- [About this exercise]
Return the complete listing exactly as it reads, with each picture removed.

- [Given data]
********

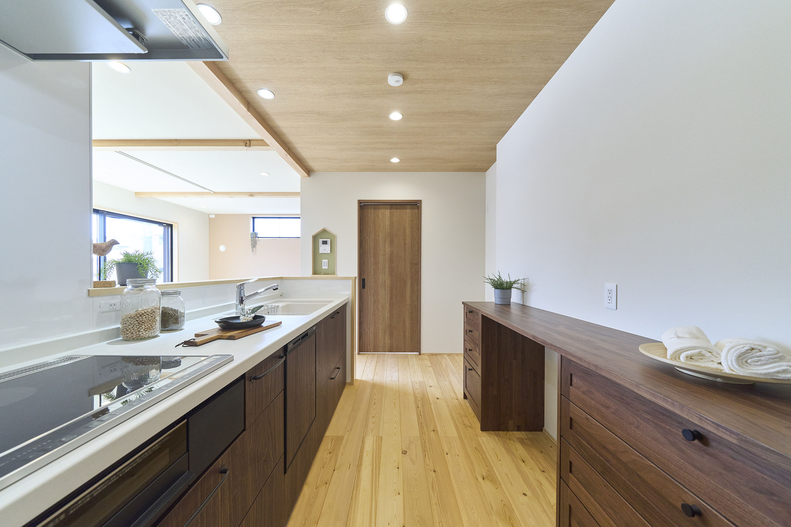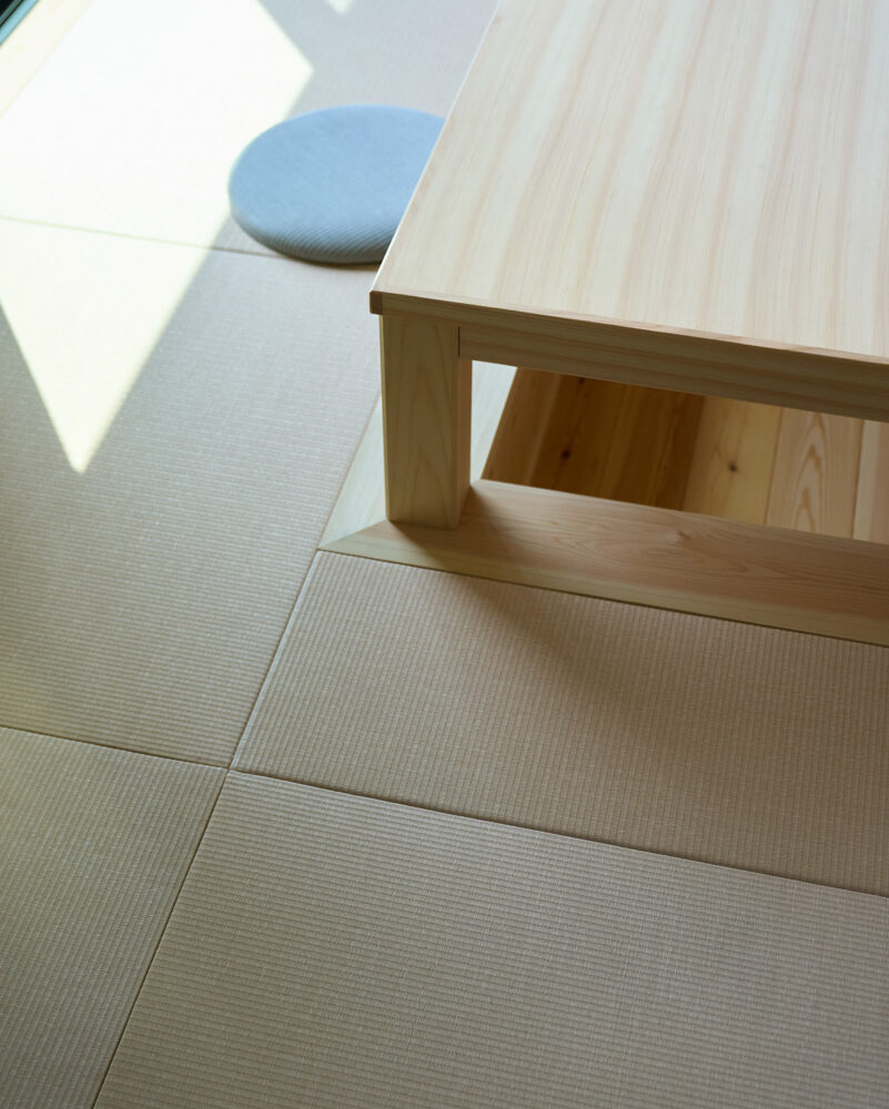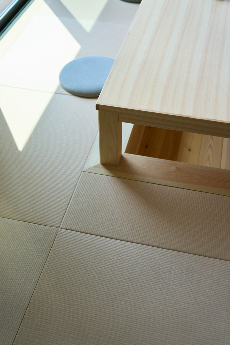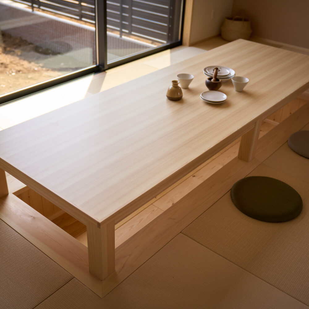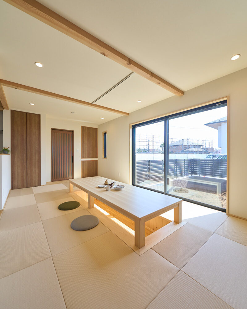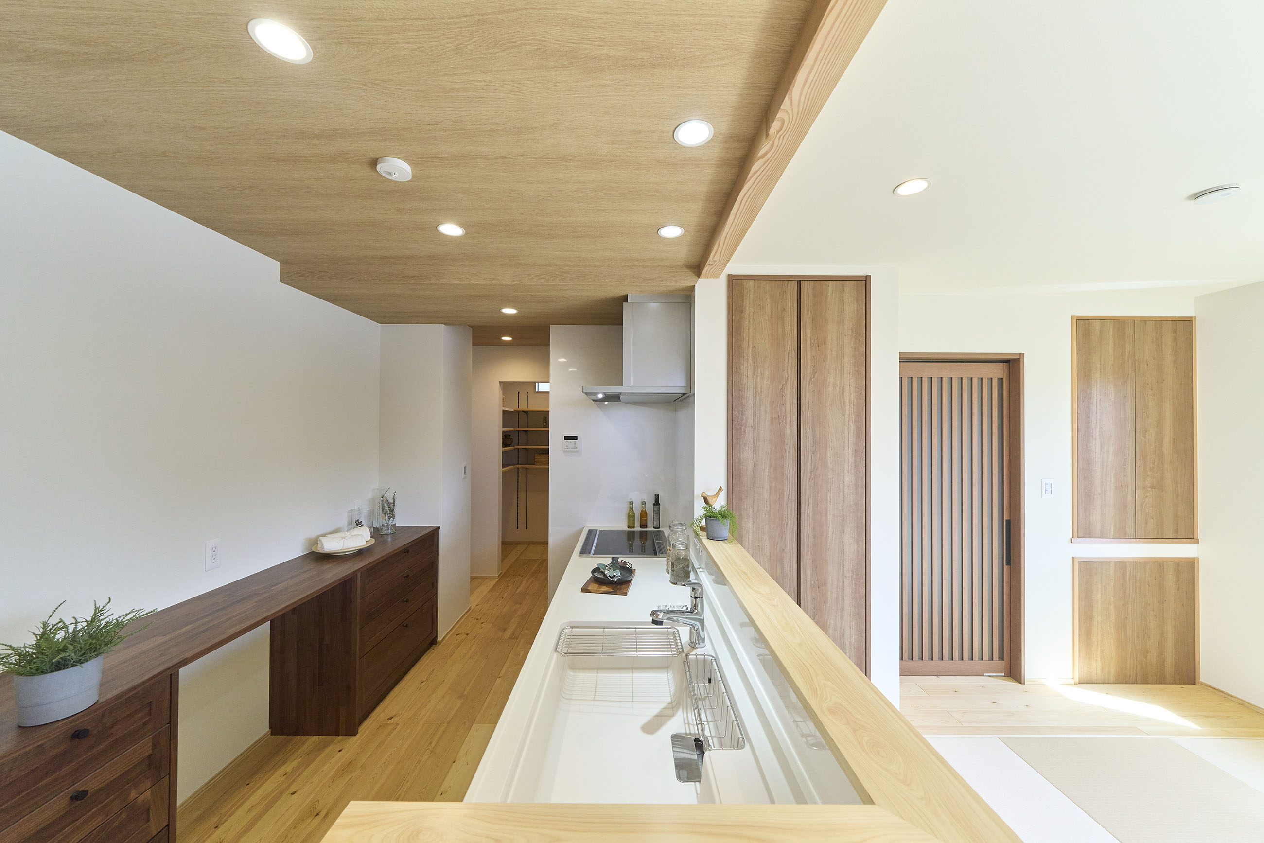 高齢のお母様と暮らす二世帯のお住まい。近隣のお子さまご家族もよく訪ねられるということで、家族が心地よく集まれる空間をご希望されました。 みんなで囲める大きな掘りごたつのある、憩いの畳リビング。家の中で一番日当たりの良い場所に、動線よく配置したお母様のお部屋。夫婦の個室にはちょうど良い距離を保って。回遊動線や使いやすい造作家具で暮らしやすい工夫を。 お話を伺い、住む人も訪ねる人も過ごしやすいようプランを描きました。 家族を思う気持ちを描いたプラン 広い畳リビングには大きな掘り炬燵。ご高齢のお母さまが暮らしやすいよう、暮らし方を大きく変えないよう配慮。1階の日当たりの良い位置にお母さまのお部屋も配置。リビングへもお風呂へも、どこへも行きやすい設計です。 近隣に住むご家族が尋ねられてきても、大きな掘り炬燵リビングで楽しく居心地よく過ごせます。 夫婦の寝室は程よい距離感で 2階にはご夫婦それぞれの個室があるものの、お互いの気配がわかるようオープンにつながっています。 外観はブラックでモダンに
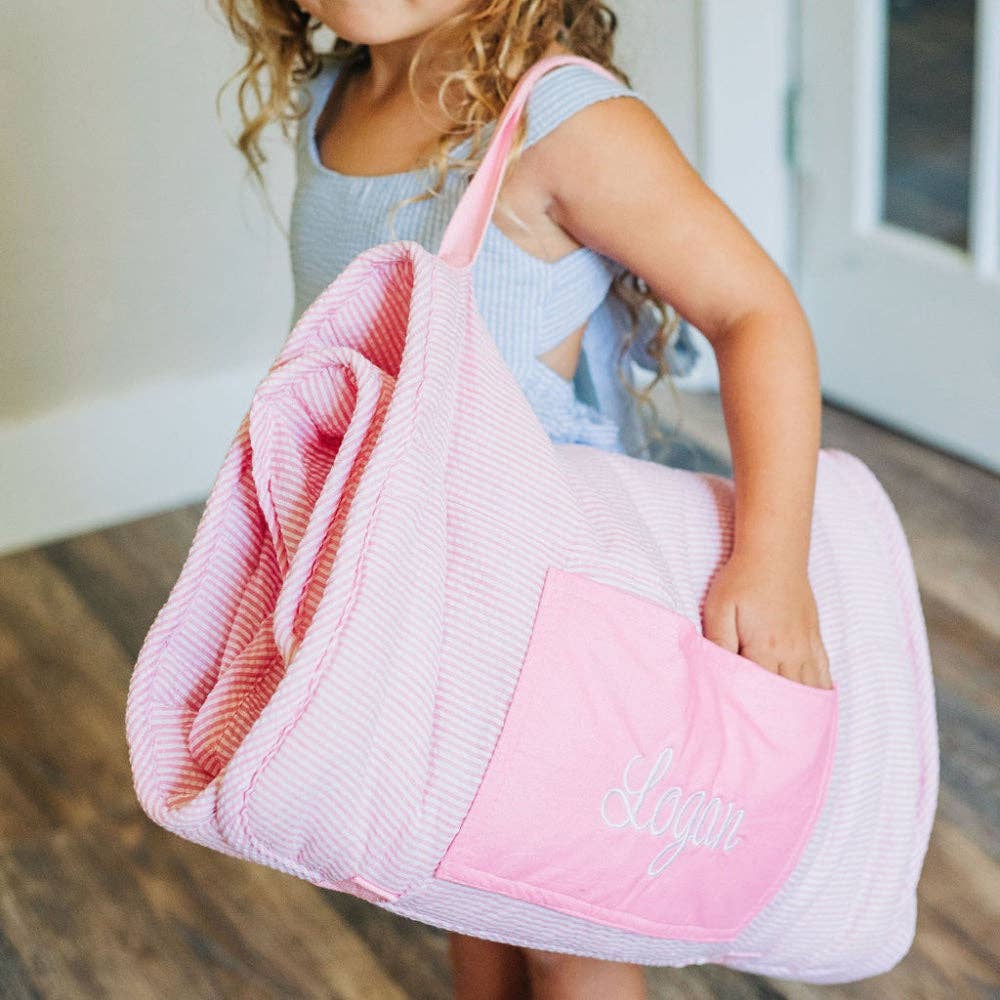 Sugarbee Clothing Pink Seersucker Nap Mat/Back to School, Toddler Nap Mat, Boys, Girls Nap mat, Kids Sleep Mat for School, Seersucker, Daycare, Pre-k, Preschool, Personalized, Embroidered, Pink
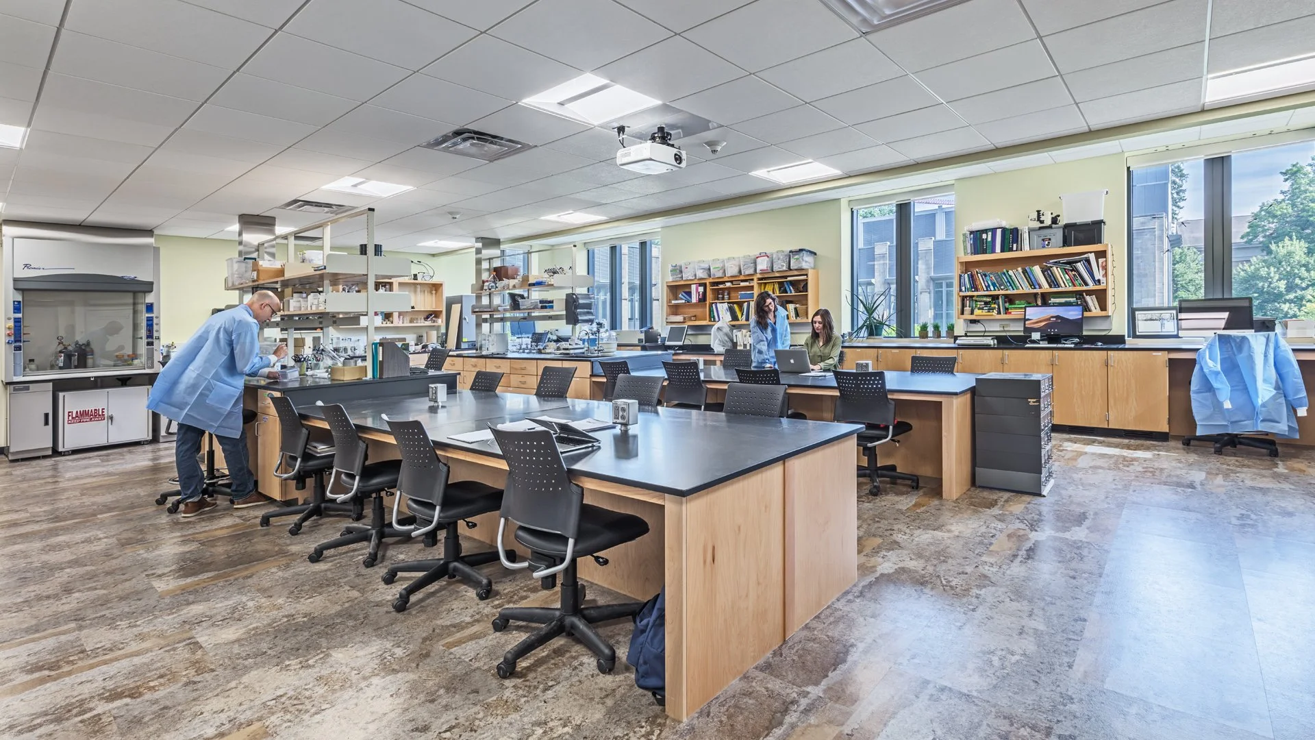 Renovated laboratories incorporate flexible infrastructure systems supporting evolving research needs without compromising structural integrity. Custom laboratory casework, designed with local fabricators, provides modern functionality while referencing historical design elements, creating visual continuity between past and present.

********

- [Output below]
 高齢のお母様と暮らす二世帯のお住まい。近隣のお子さまご家族もよく訪ねられるということで、家族が心地よく集まれる空間をご希望されました。 みんなで囲める大きな掘りごたつのある、憩いの畳リビング。家の中で一番日当たりの良い場所に、動線よく配置したお母様のお部屋。夫婦の個室にはちょうど良い距離を保って。回遊動線や使いやすい造作家具で暮らしやすい工夫を。 お話を伺い、住む人も訪ねる人も過ごしやすいようプランを描きました。 家族を思う気持ちを描いたプラン 広い畳リビングには大きな掘り炬燵。ご高齢のお母さまが暮らしやすいよう、暮らし方を大きく変えないよう配慮。1階の日当たりの良い位置にお母さまのお部屋も配置。リビングへもお風呂へも、どこへも行きやすい設計です。 近隣に住むご家族が尋ねられてきても、大きな掘り炬燵リビングで楽しく居心地よく過ごせます。 夫婦の寝室は程よい距離感で 2階にはご夫婦それぞれの個室があるものの、お互いの気配がわかるようオープンにつながっています。 外観はブラックでモダンに
 Sugarbee Clothing Pink Seersucker Nap Mat/Back to School, Toddler Nap Mat, Boys, Girls Nap mat, Kids Sleep Mat for School, Seersucker, Daycare, Pre-k, Preschool, Personalized, Embroidered, Pink
 Renovated laboratories incorporate flexible infrastructure systems supporting evolving research needs without compromising structural integrity. Custom laboratory casework, designed with local fabricators, provides modern functionality while referencing historical design elements, creating visual continuity between past and present.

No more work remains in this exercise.